Jak podróżować bezpiecznie autem po górach

Jak podróżować bezpiecznie autem po górach

Wszyscy, którzy podróżują swoim samochodem w góry wiedzą doskonale, że na drodze czyha na nas nie mniej niebezpieczeństw, niż na stromych, przepaścistych szlakach. Górskie trasy nieraz są też strome, kręte i prowadzą nad przepaściami. Bardzo często mamy do czynienia z długimi podjazdami, czy ostrymi zjazdami. Również serpentyny na górskich drogach nie należą do rzadkości. Aby cieszyć się górami i spokojną wędrówką musimy najpierw bezpiecznie dotrzeć na miejsce naszego wypoczynku. Każdy kierowca – turysta powinien znać kilka podstawowych faktów i zasad poruszania się po takich drogach. Jako, że ja poruszam się w czasie swoich wycieczek wśród różnych pasm górskich wykorzystuję najczęściej do szybkiego przemieszczania się samochód. Dlatego postanowiłem podzielić się z Wami moimi doświadczeniami.

Aby bezpiecznie i przyjemnie prowadzić samochód warto pamiętać o kilku niepisanych zasadach, które z pewnością spowodują, że jazda samochodem będzie przyjemniejsza, łatwiejsza i bardziej bezpieczna. Na kursie prawa jazdy oczywiście dowiemy/dowiedzieliśmy się podstaw teoretyczno -praktycznych, jednak są pewne nieformalne zasady, które warto znać i stosować. Bardzo ważną umiejętnością na górskich drogach jest sztuka hamowania. W warunkach górskich, gdzie droga przez dłuższy odcinek opada, a my jedziemy w dół, pamiętajmy, aby hamować silnikiem (tzn. poprzez wrzucanie niższych biegów – obroty silnika będą większe, a opór również). Nawet lekkie lecz ciągłe trzymanie nogi na hamulcu powoduje, że tarcze hamulcowe mocno się rozgrzeją, co za tym idzie, że skuteczność hamowania diametralnie spadnie (również zużycie tarcz i klocków hamulcowych w tym przypadku jest znaczące).
Można zastosować zasadę: Zjazd z góry powinien odbyć się na tym samym biegu co wjazd pod górę.

 

Chociaż niektórzy w najbliższe góry mają kilkaset kilometrów, na stromych zjazdach i podjazdach powinien umieć się właściwie zachować każdy kierowca. Odpowiednia jazda w terenie górzystym pozwala nie tylko na oszczędność paliwa, ale przede wszystkim zapewnia minimum bezpieczeństwa i daje nadzieję że piękna, wyłaniająca się za zakrętem przepaść nie stanie się miejscem naszego wiecznego odpoczynku. Dodatkowo zakładając, że Wasz samochód jest w pełni sprawny, nie ma więc powodów, by nie ufać hamulcowi ręcznemu. Mimo wszystko jednak polecam zostawianie auta „na biegu” w górach, żeby nie zastanawiać się przez cały czas wędrówki, czy czasem nasz samochód nie stoczył się gdzieś, bo za słabo „zaciągnęliśmy wajchę”. 

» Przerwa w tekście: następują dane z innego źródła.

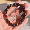 Pulseira de Olho de Tigre Tricolor e Pedra Olho de Águia para Homens e Mulheres, Pedras Naturais Vermelhas, Amarelas e Azuis de 8-14mm com Cristal de Madeira.
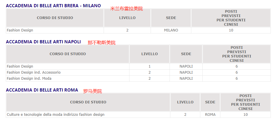 服装相关:面料设计(欧设/NABA)、服装设计(基本院校都有)、服装制版(卡罗世纪服装学院)、戏剧服装设计(罗马服装学院)、服装造型(马兰欧尼)
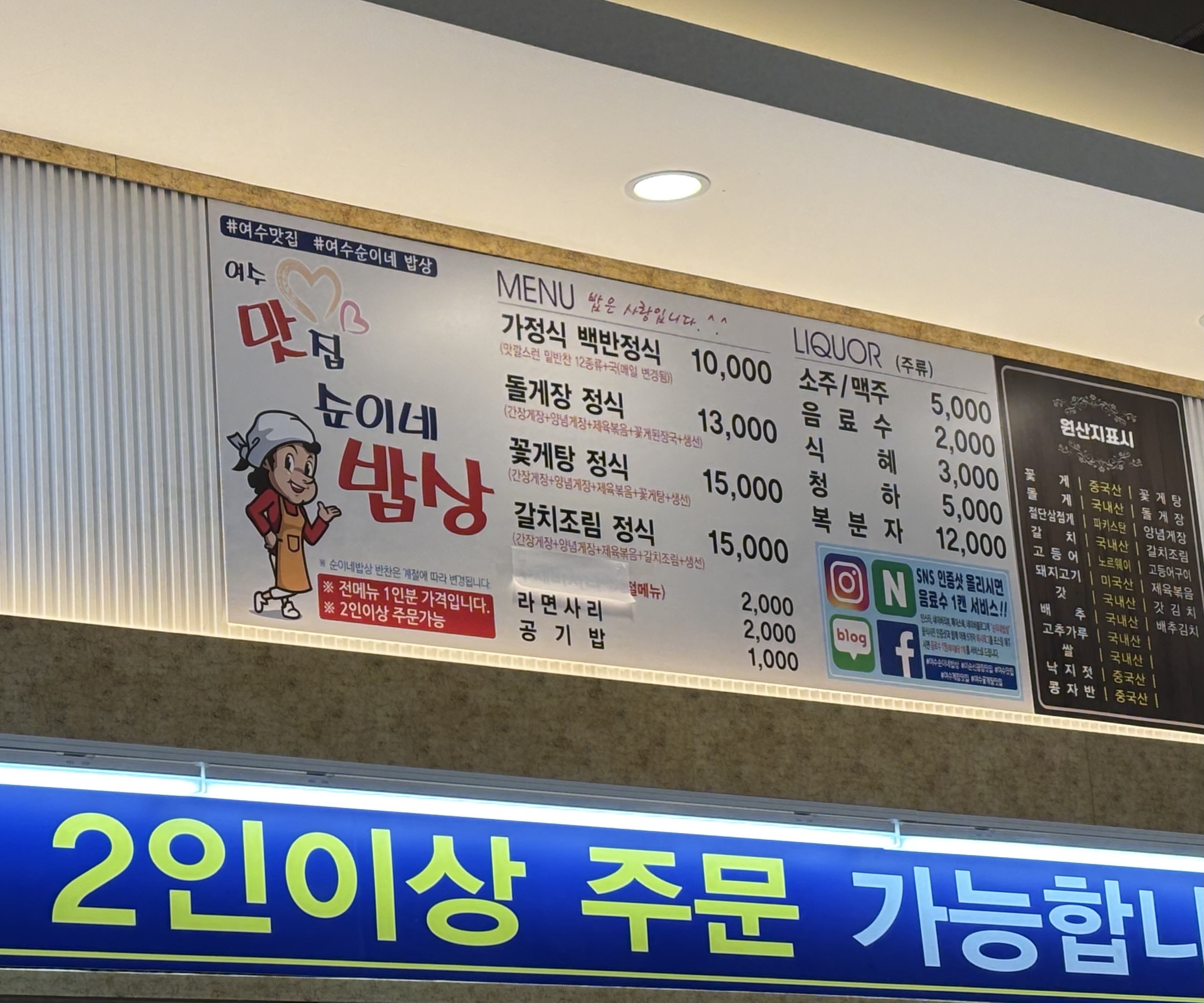 아래 사진에 메뉴 보시면 아시겠지만 가격이 참 착합니다. 그렇다고 나오는 음식이 부실하지도 않았어요.
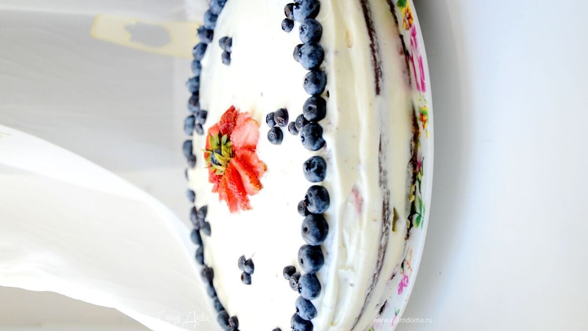 Накрыть третьим коржом, смазать кремом и украсить ягодой торт. - Шаг 10
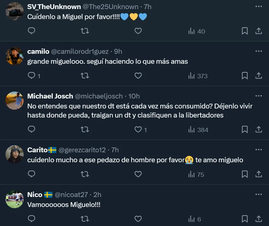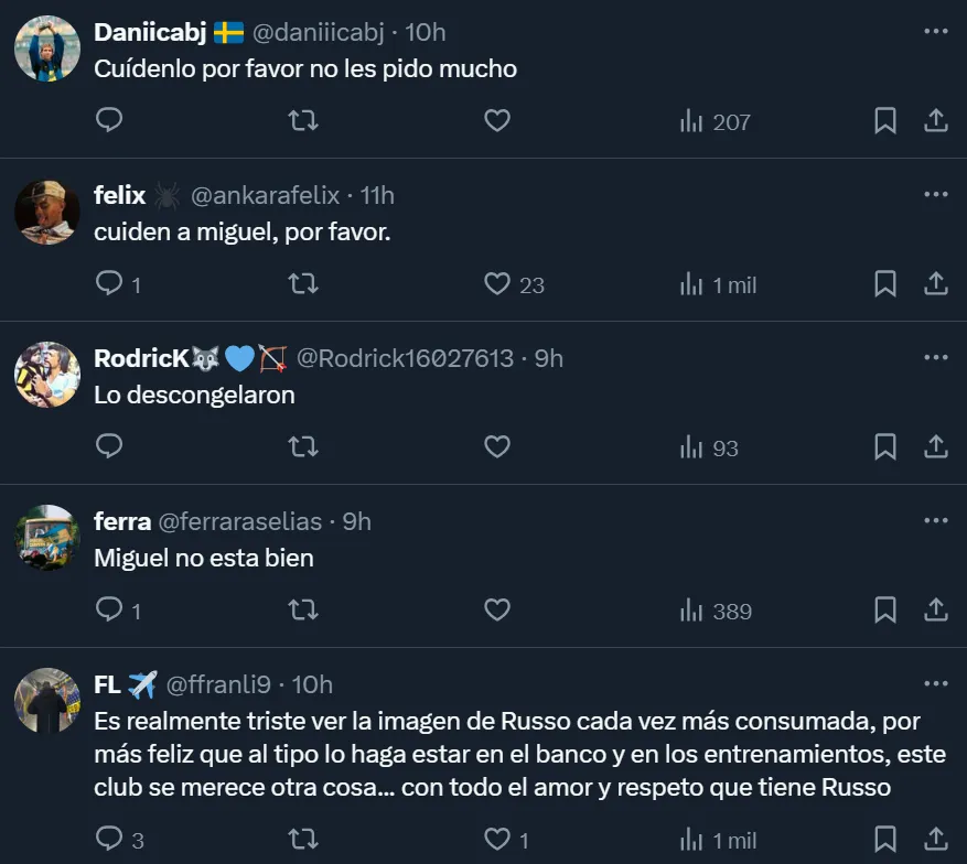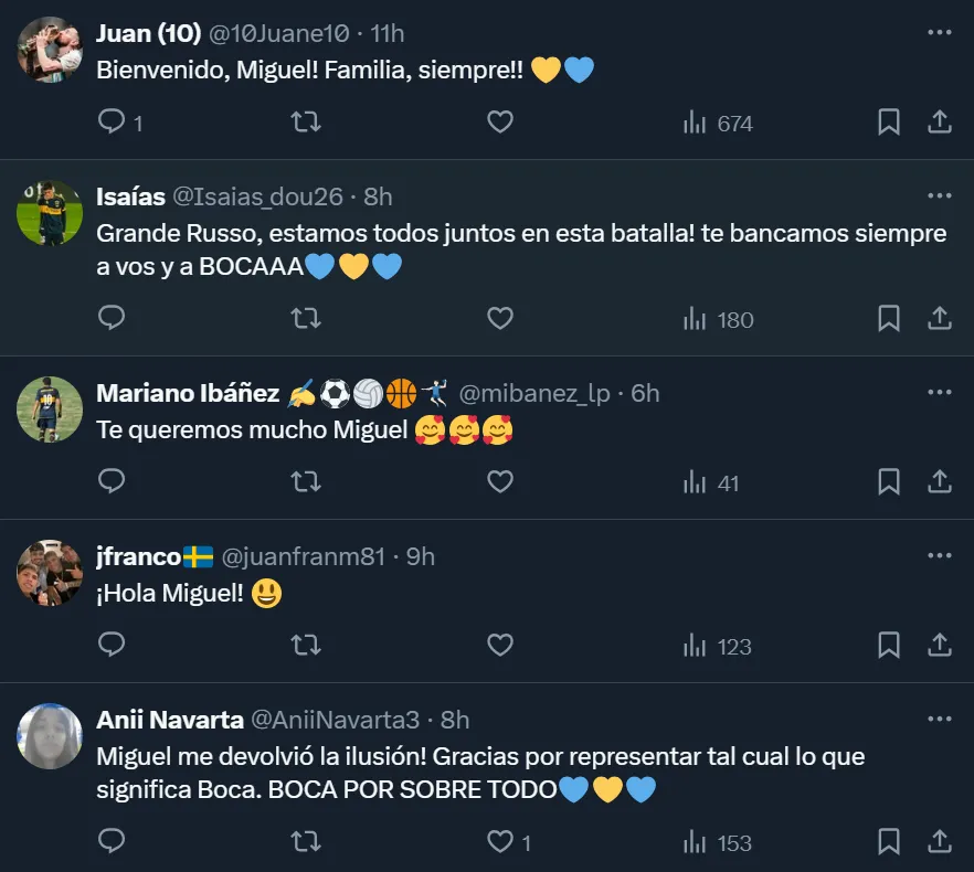 Para anunciar la vuelta de Miguel Ángel Russo, el club utilizó sus redes sociales. Allí se pudo observar al entrenador con el conjunto del Xeneize y una gran sonrisa en su cara. No quedan dudas que la felicidad del DT es estar trabajando, pese a que podría estar descansando junto a su familia ya que lo consiguió todo en el fútbol, pero su motor es estar en una cancha. La reacción de los hinchas en las redes fue de alegría por verlo de nuevo, aunque también muchos pedían que lo cuiden desde el club.
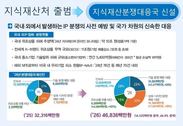지식재산처는 지식재산 분쟁 예방·대응 강화를 위해 지식재산분쟁대응국을 신설하고, 2026년도 예산을 전년 대비 145억 원 증액한 468억 원으로 편성했다고 25일 밝혔다.

Inna bajka to jazda samochodem w górach zimową porą. Każdy kto był choć raz w górach wie, że warunki pogodowe zmieniają się tam błyskawicznie. Przed wyjazdem należy zatem się dobrze przygotować – siebie i samochód. Zatankuj samochód pod sam korek, pamiętając, że zużycie paliwa w okresie zimowym jest znacznie wyższe. Lepiej zatankować pod sam korek – nigdy nie wiadomo co nas może spotkać. Utknięcie w zaspie, szczególnie na jakieś bocznej drodze może nas unieruchomić nawet na kilka godzin. Wówczas włączony silnik zapewni nam komfortową temperaturę w kabinie. Samochód na biegu jałowym spala około 1,5 l paliwa na godzinę. Warto wziąć ze sobą jakieś energetyczne przekąski i termos z ciepłym napojem. Pamiętaj o apteczce, oprócz podstawowych środków opatrunkowych pamiętaj o jednorazowych rękawiczkach, dużej chuście trójkątnej oraz kocu termicznym. Na wyposażeniu samochodu powinny się znaleźć także kable rozruchowe. Szczególnie zimą nie jest trudno o rozładowanie akumulatora. 

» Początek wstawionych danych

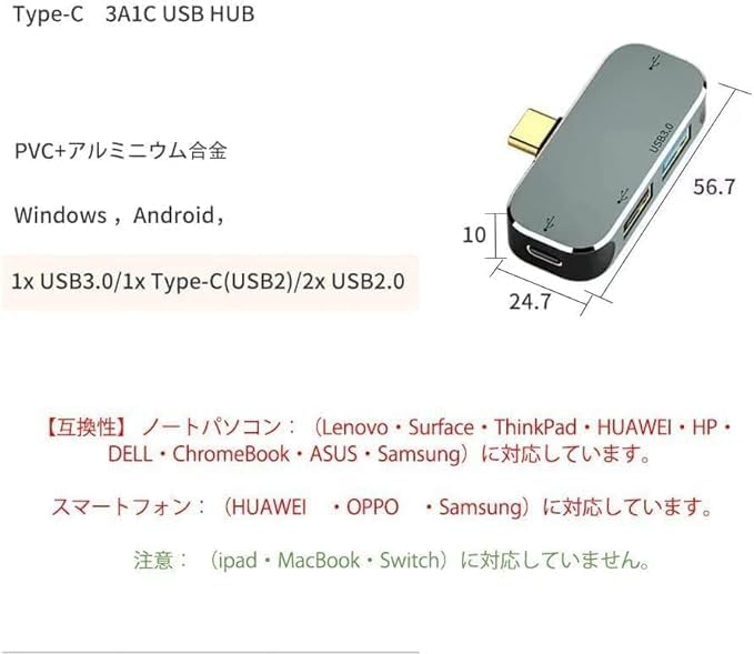 【互換性】 ノートパソコン:(Switch・Lenovo・Surface・ThinkPad・HUAWEI・HP・DELL・ChromeBook・ASUS・Samsung)に対応しています。 スマートフォン:(HUAWEI ・OPPO ・Samsung)に対応しています。 ※ご注意:Type Cポート充電不可です、データ転送のはOKです。
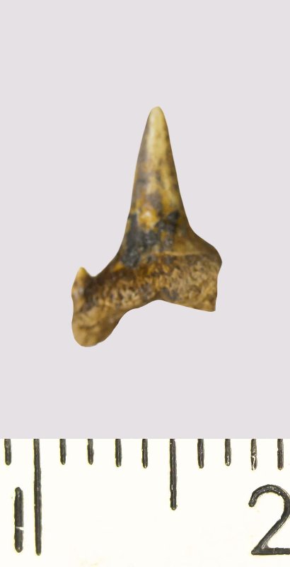 Зуб. Акула. Scapanorhynchus rhaphiodon Agassiz, 1843. Классификация: Хордовые Chordata, Позвоночные Vertebrata, Хрящевые рыбы Chondrichthyes, Пластиножаберные Elasmobranchii
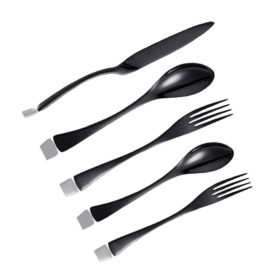 Juego de cubiertos de acero inoxidable moderno y ecológico, 5 piezas, estilo americano, diseño negro elegante y elegante
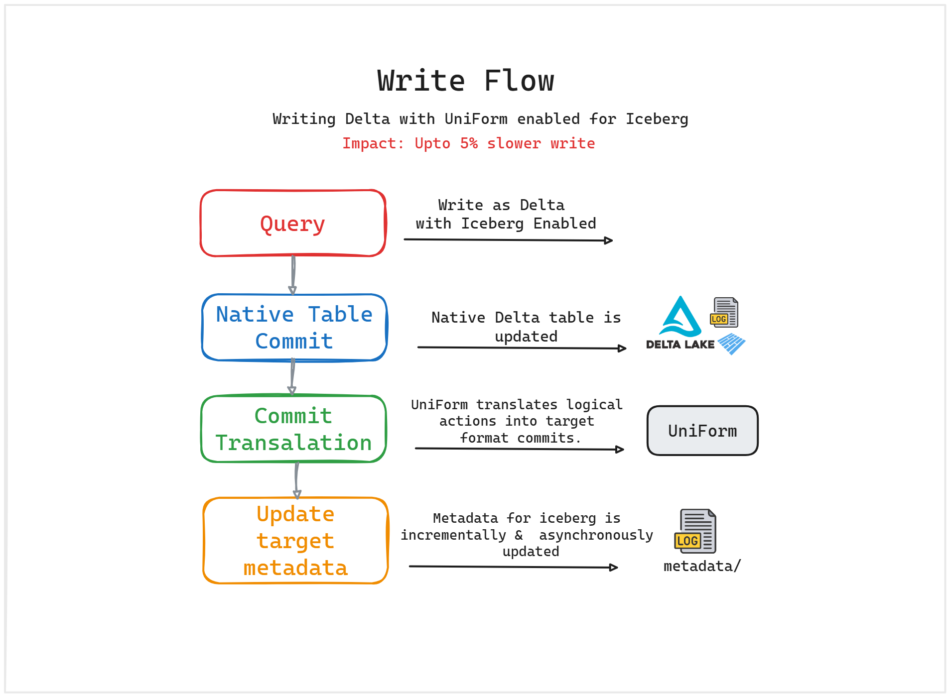 Traditionally, if you want to move data from one format to another, you need to read as source format and write as target format, which generates a copy of data while consuming resources. With Uniform, interoperability is possible as all the open table formats are built on top of Parquet files, the difference is how they store metadata.

Aby bezpiecznie jeździć w górach samochodem, musimy przede wszystkim zadbać o jego sprawność techniczną, ale ważne są też umiejętności kierowcy. Nieraz spotykam na drodze kierowców z północy, którzy nie jeżdżą po górach na co dzień i różnie z tym bywa… Góry to specyficzny teren do jazdy, więc nie możemy dopuścić do sytuacji, w której gaśnie nam silnik lub hamulce odmawiają posłuszeństwa. Prędkość jazdy powinna być dostosowana do znaków drogowych, ale też do warunków panujących na drodze, ukształtowania terenu oraz do widoczności na zakrętach. Dużej ostrożności wymaga przede wszystkim jazda w górach zimą. Górskie drogi nie są zbyt często odśnieżane, dlatego musimy znacznie zmniejszyć prędkość na ciasnych zakrętach.

Pokonując górskie wzniesienia należy znacznie ograniczyć prędkość. Warto korzystać z tzw. hamowania silnikiem, czyli jazdy polegającej na niskim przełożeniu skrzynki biegów. Zjeżdżając z wzniesienia wystarczy przeważnie jechać bez gazu i na tym samym biegu, który używaliśmy podczas wjechania na wzniesienie. Pamiętajmy, że częste używanie hamulców może spowodować przegrzanie całego układu hamulcowego i tym samym ograniczyć jego skuteczność. „Wdrapując się” na wzniesienie wrzucajmy bieg, który umożliwi nam jego pokonanie. Przeważnie jest to trzeci, drugi bieg. Czy to wjeżdżając na wzniesienie czy zjeżdżając należy trzymać odpowiedni dystans od innych pojazdów. Jeśli wjeżdżamy w ciasny i ślepy zakręt zatrąbmy krótko – to zasygnalizuje naszą obecność kierowcom z przeciwka. Tu należy pamiętaj o trzymaniu się prawej krawędzi jezdni i unikania tzw. ścinania lewych zakrętów.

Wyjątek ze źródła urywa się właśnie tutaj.